Introduction

Hive is an Apache open-source project built on top of Hadoop for querying, summarizing, and analyzing large data sets using a SQL-like interface. It is noted for bringing the familiarity of relational technology to Big Data processing with its Hive Query Language as well as structures and operations comparable to those used with relational databases such as tables, JOINs and partitions.

Apache Hive accepts Hive Query Language (similar to SQL) and converts to Apache Tez jobs. Apache Tez is an application framework that can run complex pipelines of operators to process data. It replaces the MapReduce engine.

Hive’s architecture is optimized for batch processing of large ETL jobs and batch SQL queries on very large data sets. Hive features include:

  • Metastore: The Hive metastore stores the metadata for Hive tables and partitions in a relational database.
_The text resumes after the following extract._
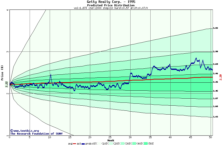 The following graph plots the year-to-date performance of the stock for 1995 compared to the probability calculated by a random walk model.
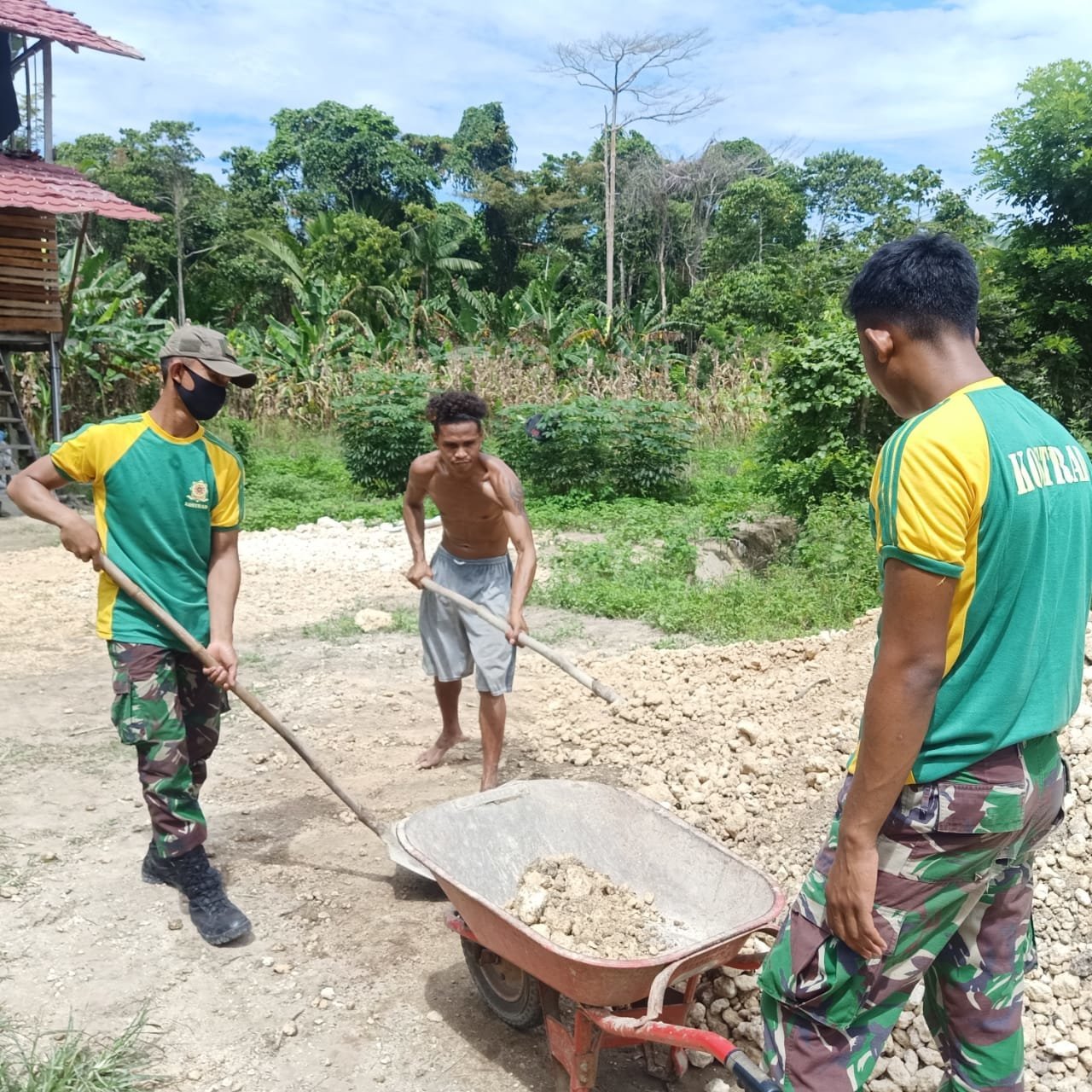 (Jayapura-Papua). KRSUMSEL.com – Satgas Pamtas RI-PNG Yonif Mekanis Raider 413 Kostrad Pos Ramil Tami membantu warga memperbaiki akses jalan di Kampung Skouw Sae Distrik Muara Tami, Kota Jayapura.

The metastore provides client access to the information it contains through the metastore service API.
  • Hive Client and HiveServer2: Users submit HQL statements to the Hive Client or HiveServer2 (HS2). These function as a controller and manage the query lifecycle. After a query completes, the results are returned to the user. HS2 is a long running daemon that implements many features to improve speed of planning and optimizing HQL queries. HS2 also supports sessions, which provide features such as temporary tables, a useful feature for ETL Jobs.
  • Checkpointing of intermediate results: Apache Hive and Apache Tez checkpoint intermediate results of some stages. Intermediate results are stored in HDFS. Checkpointing allows fast recovery when tasks fail. Hive can restart tasks from the previous check point.
  • Speculative Execution: It helps to improve speed of queries by redoing work that is lagging due to hardware or networking issues.
  • Fair Scheduler: Fair scheduling is a method of assigning resources to jobs such that all jobs get, on average, an equal share of resources over time. When there is a single job running, that job uses the entire cluster. When other jobs are submitted, tasks slots that free up are assigned to the new jobs, so that each job gets roughly the same amount of CPU time. Unlike the default Hadoop Scheduler, which forms a queue of jobs, this lets short jobs finish in reasonable time while not starving long jobs. It is also an easy way to share a cluster between multiple users. Fair sharing can also work with job priorities. The priorities are used as weights to determine the fraction of total compute time that each job gets.

About Qubole Hive

Qubole’s Hive distribution is derived from the Apache Hive versions 0.13, 1.2.0, 2.1.1, 2.3, and 3.1. However, there are a few differences in the functionality. Qubole Hive is a self-managing and self-optimizing implementation of Apache Hive.

Qubole Hive:

  • Runs on your choice of popular public cloud providers
  • Leverages the QDS platform’s AIR (Alerts, Insights, Recommendations) capabilities to help data teams focus on outcome, instead of the platform. For more information on AIR, see auto-completion and Getting Data Model Insights and Recommendations.
  • Has agent technology that augments original Hive with a self-managing and self-optimizing platform
  • Is cloud-optimized for faster workload performance
  • Is easier to integrate with existing data sources and tools
  • Provides best-in-class security

Understanding Hive Versions describes the different versions of Hive supported on QDS.